There are a couple of problems with this generous analysis. First, the door seems to only swing one way.

When was the last time you saw American CEOs organize a public-pressure campaign to punish a state for moving its law in a more progressive direction? We’ve seen big institutions push back or punish state governments for Indiana on religious freedom, North Carolina’s “bathroom bill,” South Dakota on transgender sports, and now Georgia on its election-reform bill; a similar effort is in the works opposing a GOP-backed election- reform bill in Texas. If CEOs are becoming “a permanent political force, wielding awesome power,” they are a permanent culturally progressive political force, wielding awesome power for the Left. Sure, large corporations generally oppose higher taxes — although they’re often better situated to take the hit than their smaller competitors — but we rarely see coalitions of businesses boasting of how they use their “voice, brand, and reach” to fight tax hikes and complicated red tape, or the constitutionally protected right to bear arms, or any of the priorities of Americans on the right side of the political spectrum.

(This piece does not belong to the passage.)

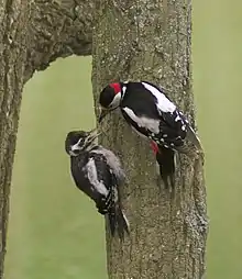 - ↑ Kotaka N, Matsuoka S (2002). "Secondary users of Great Spotted Woodpecker (Dendrocopos major) nest cavities in urban and suburban forests in Sapporo City, northern Japan". Ornithological Science. 1 (2): 117–122. doi:10.2326/osj.1.117.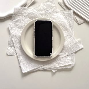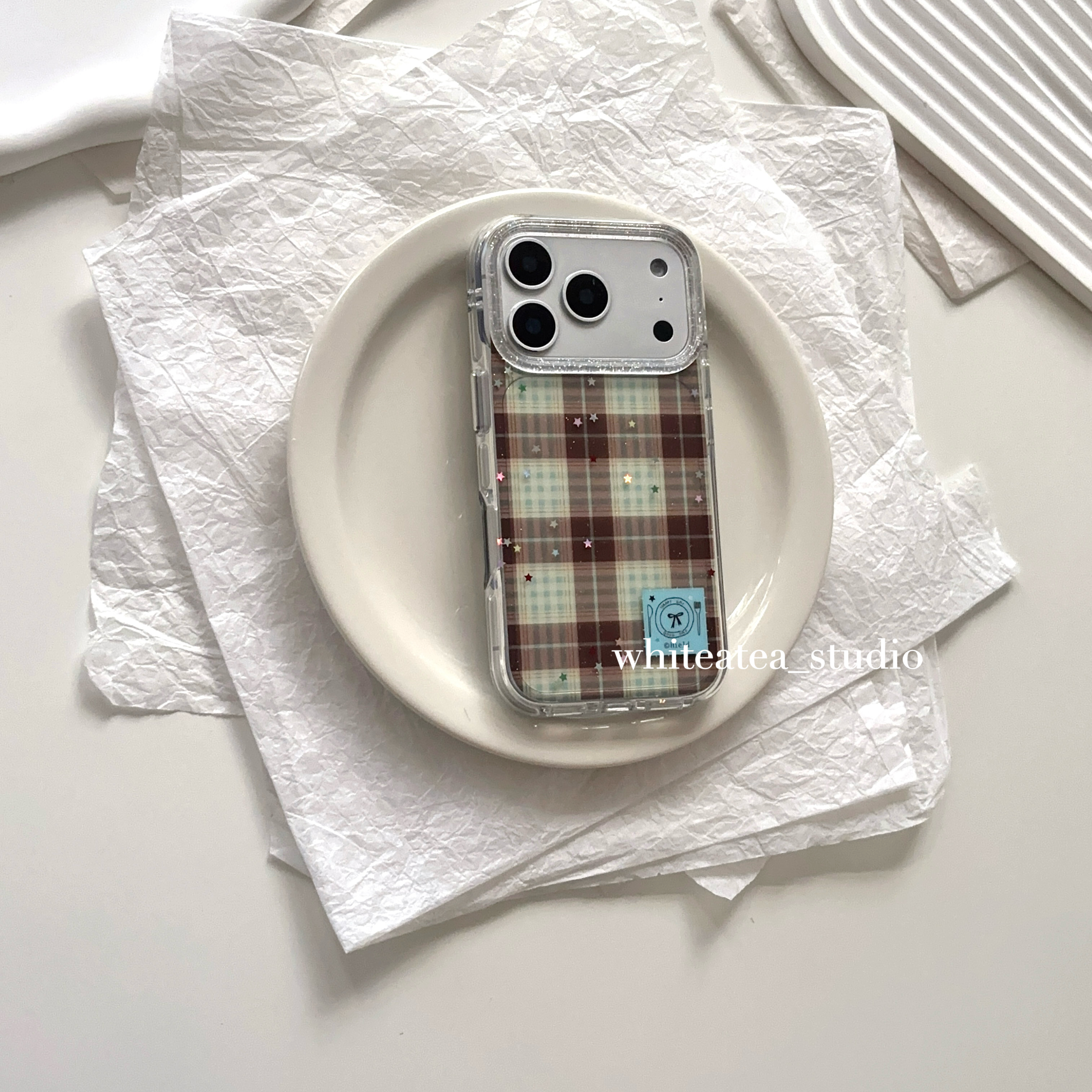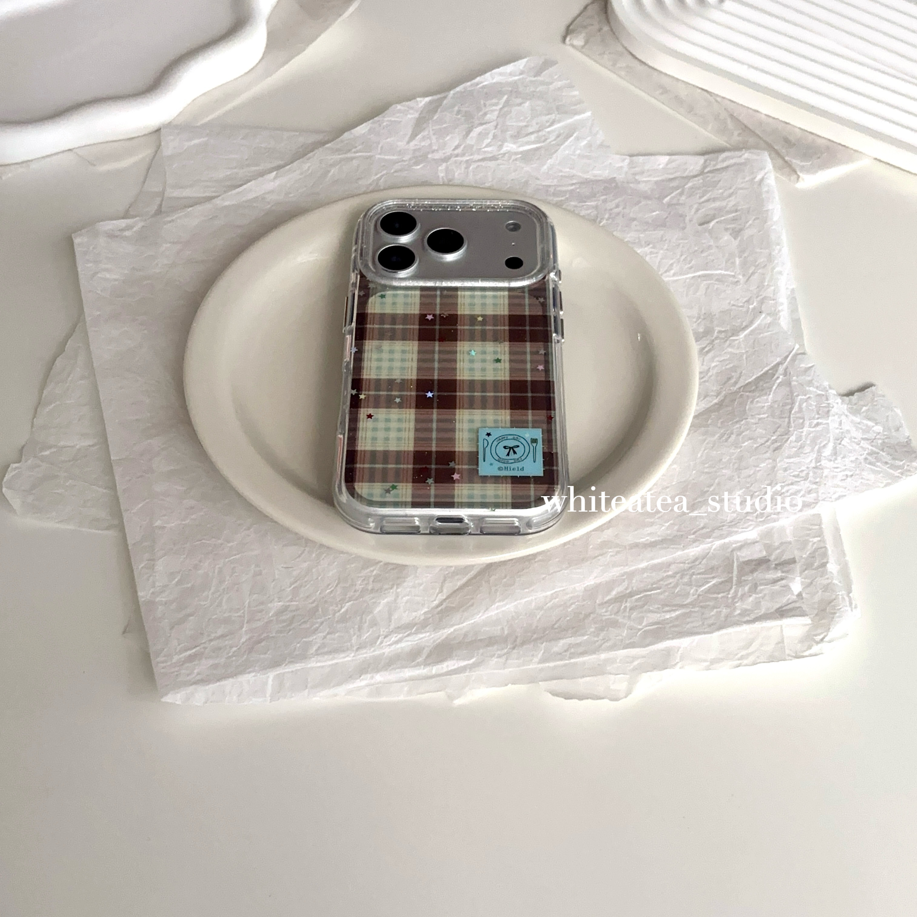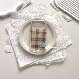 盐白茶ins简约经典 14高级感13保护套女秋 学院风透明亮片绿棕格子适用苹果17ProMax手机壳iPhone16小众15新款

Second, no one elected these CEOs to any public or government office. You can love or hate the laws listed above. But they were legally enacted through the procedures laid out under their respective state constitutions. Freely and fairly elected state legislators passed the legislation, and freely and fairly elected governors signed it into law. All of those public officials can be held accountable by voters in those states the following election. If there’s a compelling argument that those laws violate the U.S. Constitution, they can be struck down by the U.S. Supreme Court. Governments are accountable to the whole public in a way that corporations are not. The electorate as a whole doesn’t get much say in whether Mary Barra stays at GM or Chip Burgh stays at Levi Strauss.

And it’s not like the American political world lacks opportunities for corporate executives to support particular candidates and causes – direct donations, political action committees, Super PACs, trade associations, and so on.

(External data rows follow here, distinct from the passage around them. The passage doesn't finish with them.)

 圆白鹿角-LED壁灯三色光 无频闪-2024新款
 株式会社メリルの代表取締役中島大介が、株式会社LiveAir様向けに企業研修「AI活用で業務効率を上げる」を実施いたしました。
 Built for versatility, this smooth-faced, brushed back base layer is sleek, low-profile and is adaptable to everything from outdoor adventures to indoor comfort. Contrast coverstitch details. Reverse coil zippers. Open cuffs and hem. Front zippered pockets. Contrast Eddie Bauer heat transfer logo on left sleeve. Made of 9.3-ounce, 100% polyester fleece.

But American CEOs are never supposed to “hit the phase” of becoming “actual lawmakers and rule-shapers” or “become the fourth branch of government.” If you want to be a lawmaker in a state or in the country, earn that state power by running for office and winning the vote from your fellow citizens. Don’t exercise an off-the-books veto with behind-the-scenes pressure campaigns and threats.

Unlike elected legislators and state executive branch officials, corporate executives are not accountable to the state or country through regular elections. They’re accountable to their shareholders and boards of directors, but in many of the most high-profile cases, they’ve become de facto rulers of their companies. Jamie Dimon is not going to leave JP Morgan Chase until the day he feels like he’s done. Tim Cook is not involuntarily leaving Apple unless he runs the company into a cataclysmic disaster.

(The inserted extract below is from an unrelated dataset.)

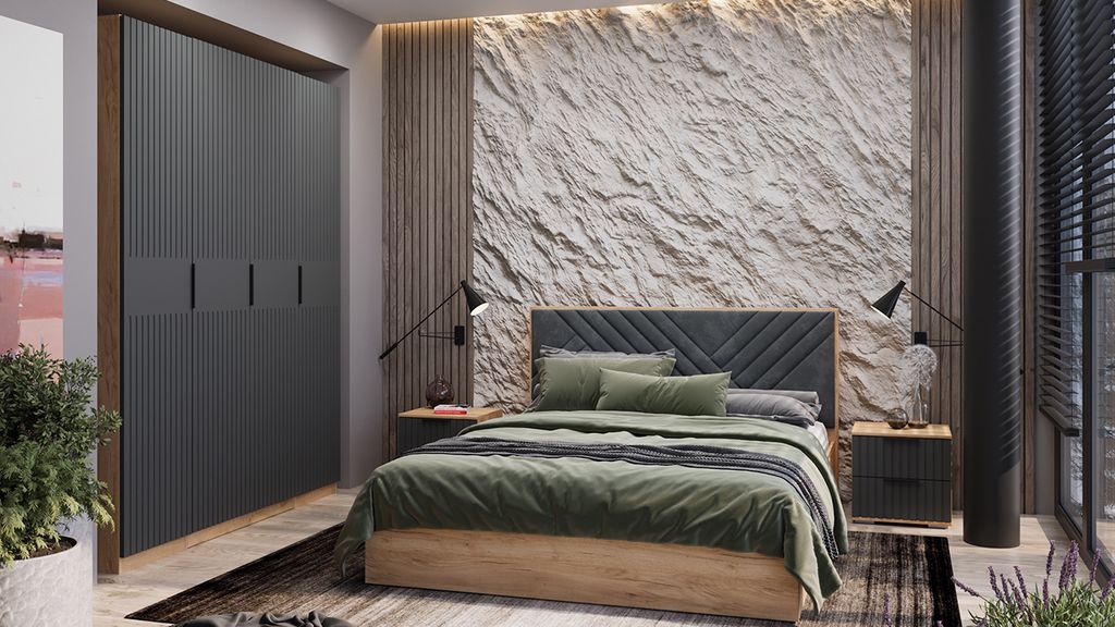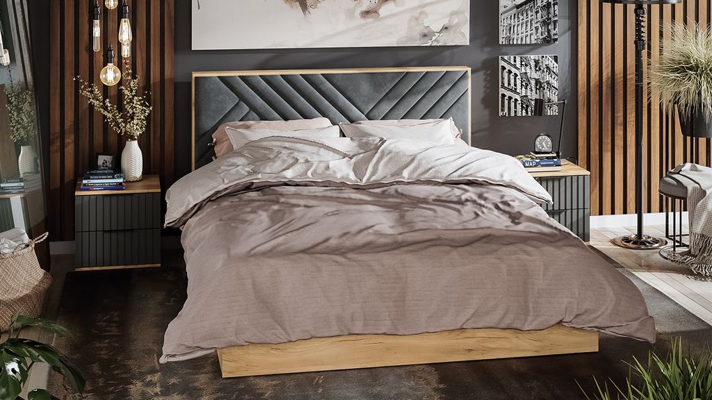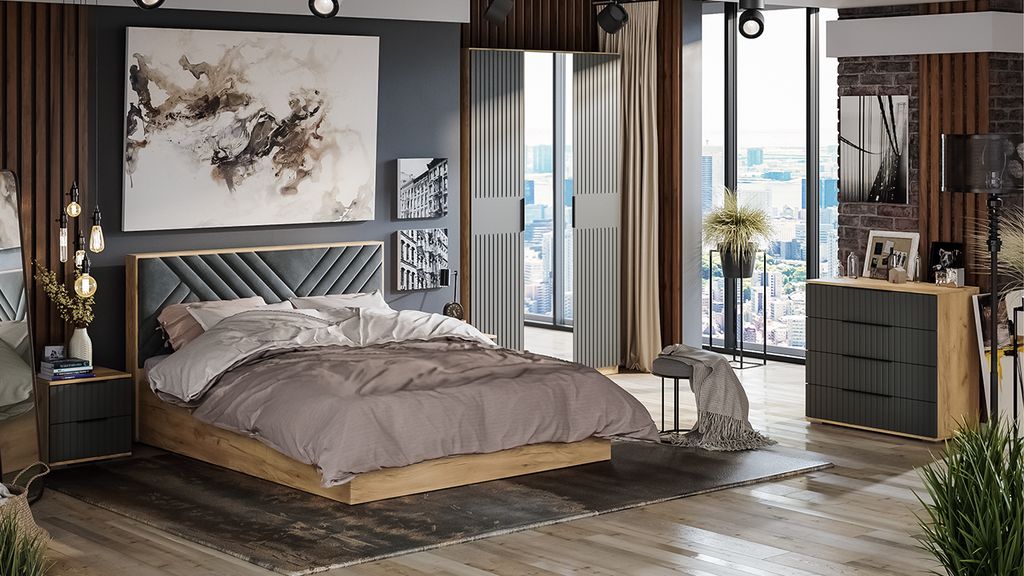 Композиции Спальни ХИЛТОН Дуб Крафт золотой/Велюр серый

That’s a fine system for running Apple or any other big corporation. But in a constitutional republic, the chief executive of a big company gets the same single vote that every other individual does. The vast majority of CEOs who signed the Civic Alliance statement against the Georgia elections law do not live in Georgia or work in Georgia, and their companies’ presence in Georgia varies greatly. Why should Georgia state legislators prioritize the views of the chief executives of Tofurky, Patagonia, Lyft, and Etsy over voters in their district?